In the loosest possible sense of the word, of course.

Because Frank Bishop knows what responsibility means, he’s had plenty of it in his day, and doing
this
job? Getting LudeX consoles onto the shelves of a PalEx store in a suburban mall in upstate New York in time for a 9
A.M.
onslaught by an army of pimply geeks? That barely qualifies.

But Frank is happy to have the job. There’s no question about that. At forty-eight, and in the current climate, he could just as easily have landed on the scrap heap. There are days when this certainly feels like the scrap heap, but most of the time he just gets on with it.

He has bills to pay.

It’s as simple as that, his life reduced to a monthly sequence of electronic bank transfers.

College fees, allowances, rent, utilities, car, food.

Fuck.

Close his eyes for a second and Frank can be right back before any of this got started, twenty-five, thirty years ago—a different world, and one in which this degree of a financial straitjacket was something he only ever associated with his parents, with that whole generation.

It wasn’t going to happen to him, though. Not a chance.

But then who paid for him to go to college? Exactly. And arrogant little prick that he was, he took every bit of it for granted, never once imagining, for example, that his old man might have had other things he could be doing besides working his ass off holding down two jobs he more or less hated.

One of which, ironically, was not unlike this one.

Frank exhales loudly, no one around to hear him, and reaches down for another carton.

He carries it into the stockroom and adds it to the pile by the main door.

Back then, as well, it was all about possibilities opening up—relationships, career moves, the
world
. Now it’s the opposite, possibilities are closing down all around him. The world? Forget about it. Career moves? He’s lucky to
have
this job, and there aren’t any others out there waiting for him. As for relationships, well … unless it’s paid for or virtual, that ship’s
sailed
.

Frank exhales again, even louder this time.
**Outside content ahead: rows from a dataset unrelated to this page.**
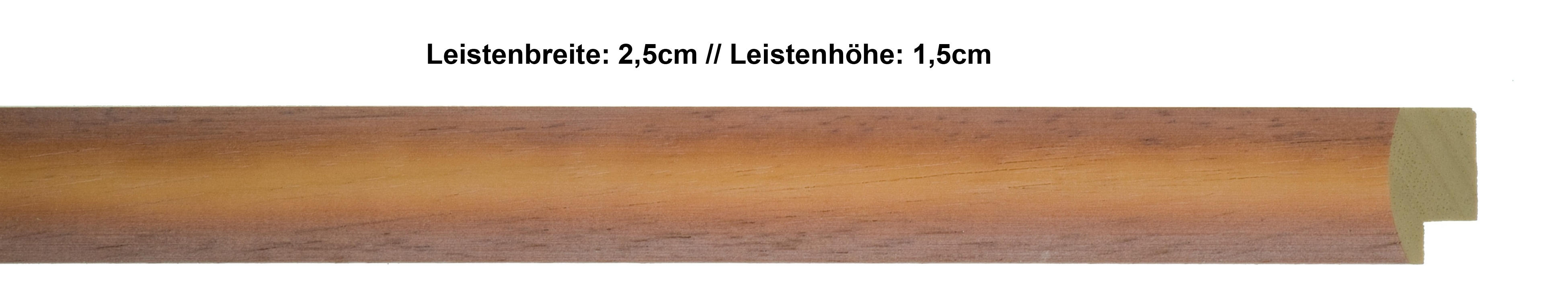 Halbrunde, lackierte Holzleiste. Aufgrund Ihres changierenden Farbverlaufes besonders für Aquarelle oder Pastelle geeignet.
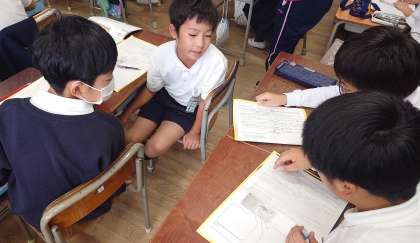 子どもたちは友達の意見をしっかりと聞き、ハンドサインで付け足すなどしながら考えを深めるなど、落ち着いて学習に取り組めていました。
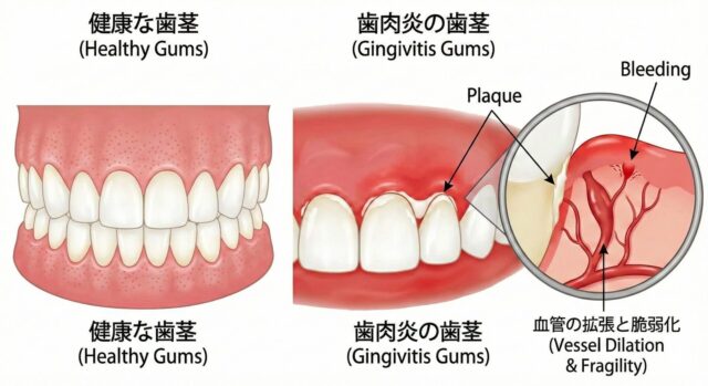 - 血管の脆弱化:腫れた歯茎の毛細血管は非常に破れやすくなります。
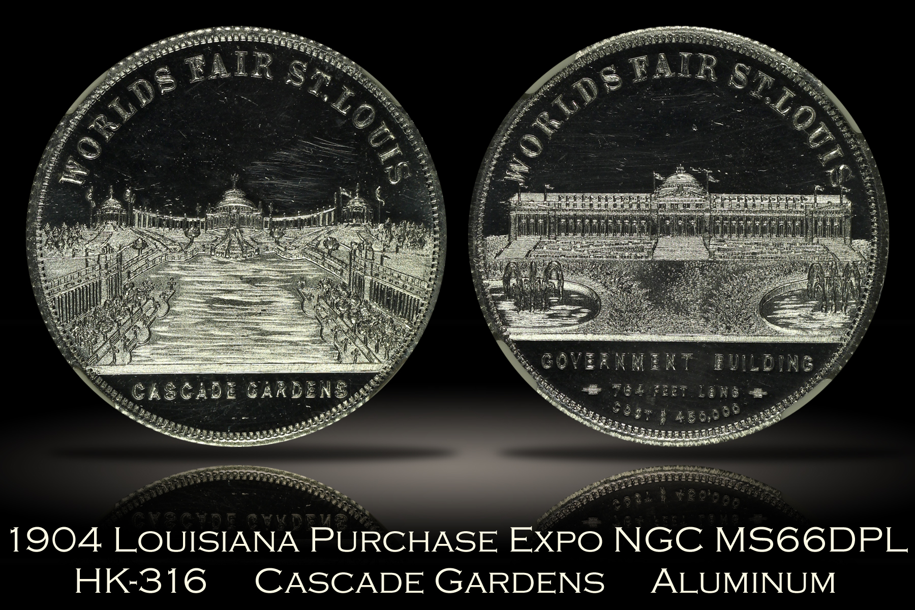 | The 1904 Louisiana Purchase Exposition was a major World’s Fair that was held in St. Louis, Missouri. As part of the World’s Fair, the 1904 Summer Olympics were also held in St. Louis. Several medals were produced in connection with the 1904 World’s Fair. This is one of the so-called Exhibition Palace Dollars from the Louisiana Purchase Exposition featuring the Cascade Gardens and the Government Building which is listed as HK-316 in the Hibler-Kappen book on So-Called Dollars and has been graded MS66DPL by NGC and is encapsulated in a newer-style edge-view holder. The obverse features a detailed rendition of the Cascade Gardens. The reverse is a detailed rendition of the Government Building with notes that it was 764 feet long and cost $450,000. This piece is bright white and very lustrous. The piece also has strong prooflike mirrored fields with frosty devices. This piece is by far the finest known example of the HK-316 graded by NGC as the only MS66DPL; the next closest specimens are a few MS64DPL examples and a couple of MS64PL pieces. An opportunity to get the finest known example of this so-called dollar. |
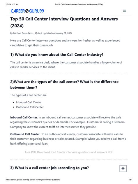 call center interview questions and answers for experienced pdf
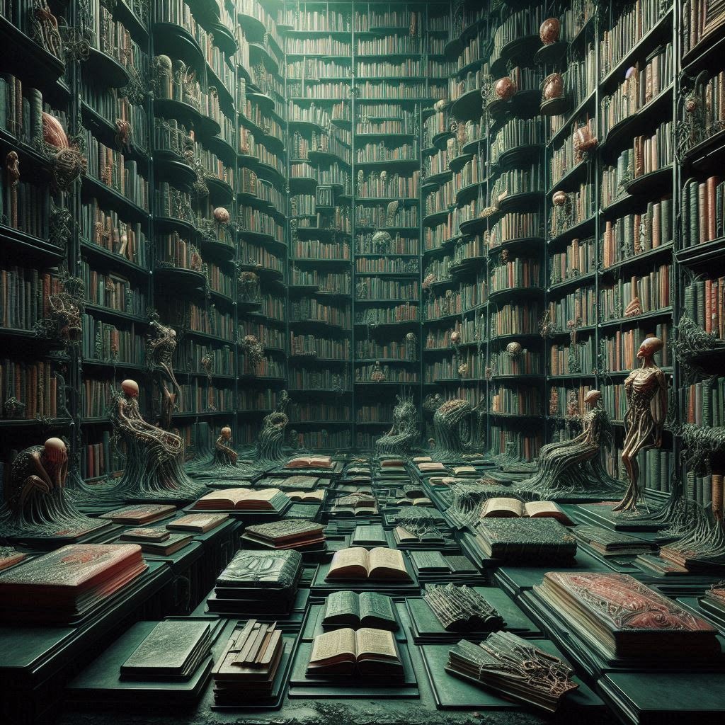 The Library of Babel in the style of Hans Ruedi Giger -Courtesy of 'designer.microsoft.com'- [La bibliothèque de Babel à la façon de Hans Ruedi Giger -Remerciements à 'designer.microsoft.com'-].
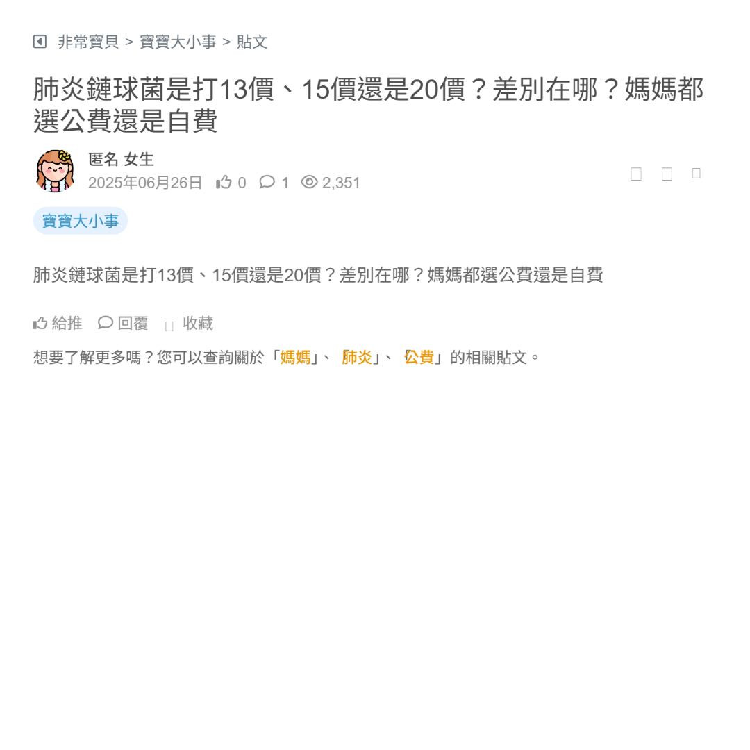 肺炎鏈球菌是打13價、15價還是20價?差別在哪?媽媽都選公費還是自費

Is there anything less attractive than self-pity?

Not really, but at least he knows how to bitch-slap it back into place whenever it gets out of hand. Because the truth is he doesn’t really feel sorry for himself at all. He has two kids that he adores, and even though they’re both off at college now, he is completely and utterly defined by them. The world of twenty-five years ago, for all its breathless sense of expectation, of the open road ahead, didn’t have
them
in it. This one does, and that’s all that matters. This one, for all its oppressive sense of disappointment, of the economic jackboot in the face, is infinitely superior.

When he has carried in the last carton, Frank rips one open. This will be his first look at the new, long-awaited LudeX upgrade.

Like he gives a crap.

He takes a unit box out and turns it over. The sight of the Paloma Electronics logo, the powder blue stripe, sets off a tiny ripple of anxiety in his brain.